The QwikCart product helps businesses guide their customers, offer incentives and introduce products. It helps them improve their business through reports with detailed consumer information, tools to help forecast sales by store and period, integration with major Point of Sale manufacturers, and integration with payment processors or banks – all of which can be monitored and controlled through a Merchant Portal.

Staying true to their vision

There wasn’t much competition when it came to mobile commerce when they started, so QwikCart had the chance to really define themselves: “We have a vision on what the market wants, what the businesses want, what the consumer wants,” Bryant said.

Instead of hiring a surplus of people, they kept the team tight.
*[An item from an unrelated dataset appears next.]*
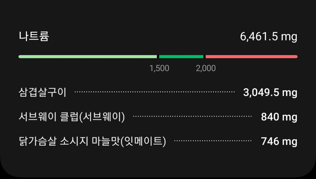 제가 식단이랑 영양소 맞춰볼려고 저녁 식단에 삼겹살을 넣어봤는데 나트륨이 핵폭탄급으로 추가가 되네요??;;;;;

Even now, after three years, there remains just over 10 of them, five of whom occupy the Greenwood Village headquarters.  They believed this was how to keep the vision clear.

They also decided to brand their business based on the product. That’s when BusyLife Software became QwikCart. And instead of trying to take on bigger retail markets, they kept the focus on smaller businesses, only venturing out to the liquor industry with their newest product LiquorCart.

Three years later, they’re proud of their product and secure in their vision. With this, it was easy to find seed investors that believe in their vision (funding is currently about $1.2 million).

Shining a spotlight on their work

Now that their product is stable and vision is tight and clear, the future of QwikCart will be a focus on sales and marketing. They plan to venture out from just the conference marketing of the past and take on social media. They’ll be spreading their answer to the mobile commerce trend and explaining the importance of a product that offers both B2B and B2C sales. For QwikCart, it all comes back to that vision.

"If there’s a defined vision, there’s going to be promise with the company,” Bryant said. “There’s an uncertainty with startups and you want to see that there’s a clear site down the road.”